Als Tracker mit ein bissel "Social Media" kann man raptr wohl bezeichnen aber ob es es auf dauer taugt kann Ich noch nicht schreiben, da mir die Lust bisher fehlte.


----------



## bofferbrauer (8. April 2016)

sT@lK3r-x schrieb:


> Da Ich seit der Abschaltung vom wohl berühmtesten und besten Game Tracker XFire nach einer neuen Alternative suche, habe Ich mir vor kurzen mal raptr angeschaut.
> Bisher habe ich aber leider noch nicht rausgefunden wo die Spielstunden aufgelistet werden
> Das Programm wirkt recht überladen und dadurch unübersichtlich, aber ansonsten macht es was es soll und wird anscheinend immer wieder mit Updates versorgt.
> Als Tracker mit ein bissel "Social Media" kann man raptr wohl bezeichnen aber ob es es auf dauer taugt kann Ich noch nicht schreiben, da mir die Lust bisher fehlte.

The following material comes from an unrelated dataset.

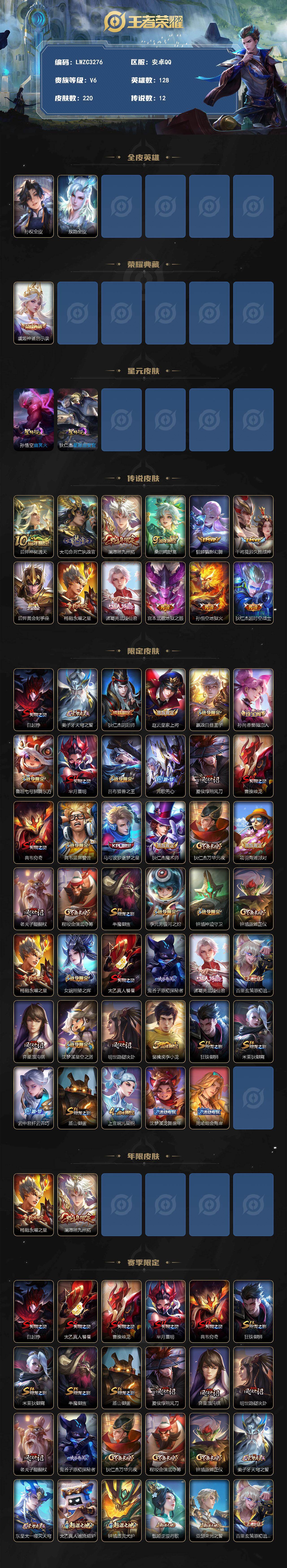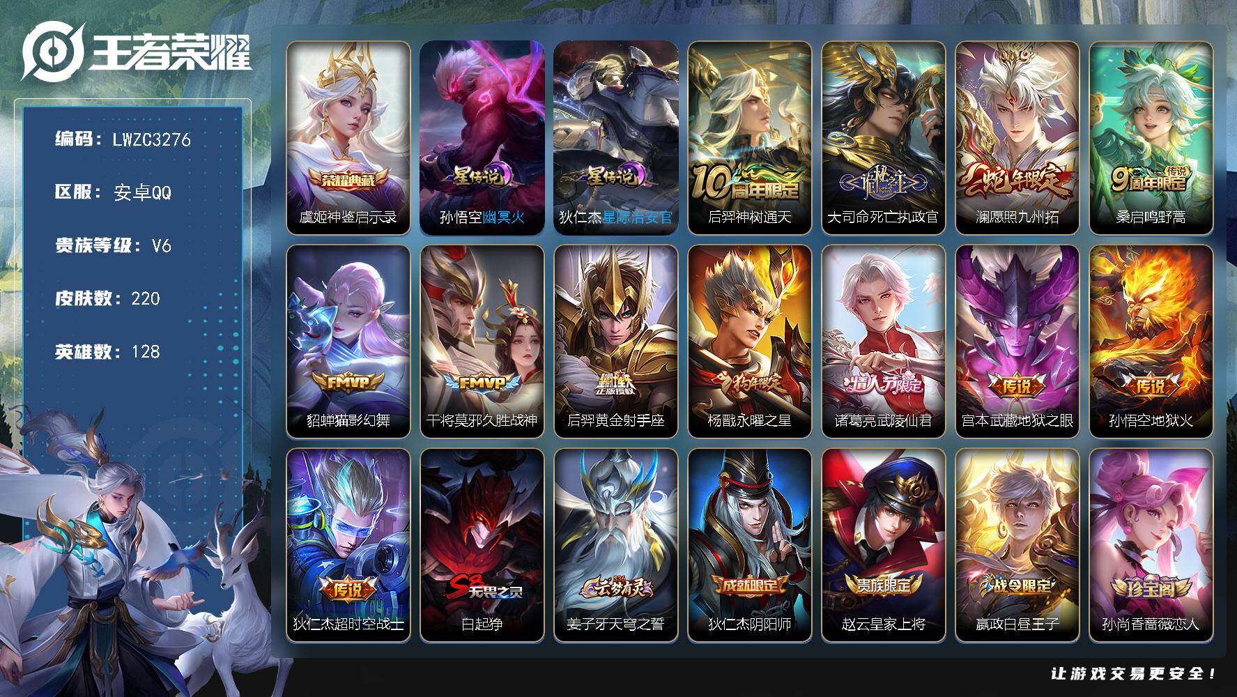 【特价出售/店主推荐/1市标】:安卓Q-V7-至尊星耀III段位-128英雄-220皮肤-1典藏皮肤-2星元-12传说-46史诗【英雄全皮】:孙权全皮,敖隐全皮【荣耀典藏】:虞姬神鉴启示录【传说皮肤】:后羿神树通天,大司命死亡执政官,澜愿照九州拓,桑启鸣野蒿,貂蝉猫影幻舞,干将莫邪久胜战神,后羿黄金射手座,杨戬永曜之星,诸葛亮武陵仙君,宫本武藏地狱之眼,孙悟空地狱火,狄仁杰超时空战士【限定皮肤】:白起狰,姜子牙天穹之誓,狄仁杰阴阳师,赵云皇家上将,嬴政白昼王子,孙尚香蔷薇恋人,鲁班七号狮舞东方,

Raptr kriegt man bei AMD nebenbei bemerkt bei Cataclyst Updates gratis hinzu unter dem Namen AMD Gaming Evolved. Ich benutze es schon seit etwa 3 Jahren und hat bisher seinen Dienst eher gut erfüllt. Kleinere  Probleme hat Raptr scheinbar mit einigen GOG Versionen von diversen Spielen und andere kennt er überhaupt noch nicht, etwa Wasteland 2, aber ansonsten klappt alles zufriedenstellend. Zudem kann man die Grafikeinstellungen dort feintunen wenn man möchte, wenn auch meist nur bei größeren Titel, bei Indies ist dies recht selten der Fall.


----------



## sT@lK3r-x (14. April 2016)

bofferbrauer schrieb:


> Raptr kriegt man bei AMD nebenbei bemerkt bei Cataclyst Updates gratis hinzu unter dem Namen AMD Gaming Evolved. Ich benutze es schon seit etwa 3 Jahren und hat bisher seinen Dienst eher gut erfüllt. Kleinere  Probleme hat Raptr scheinbar mit einigen GOG Versionen von diversen Spielen und andere kennt er überhaupt noch nicht, etwa Wasteland 2, aber ansonsten klappt alles zufriedenstellend. Zudem kann man die Grafikeinstellungen dort feintunen wenn man möchte, wenn auch meist nur bei größeren Titel, bei Indies ist dies recht selten der Fall.



Wo du schon AMD erwähnst, das mit der Grafikoptimierung bei raptr sieht genauso aus wie bei Geforce Experience


----------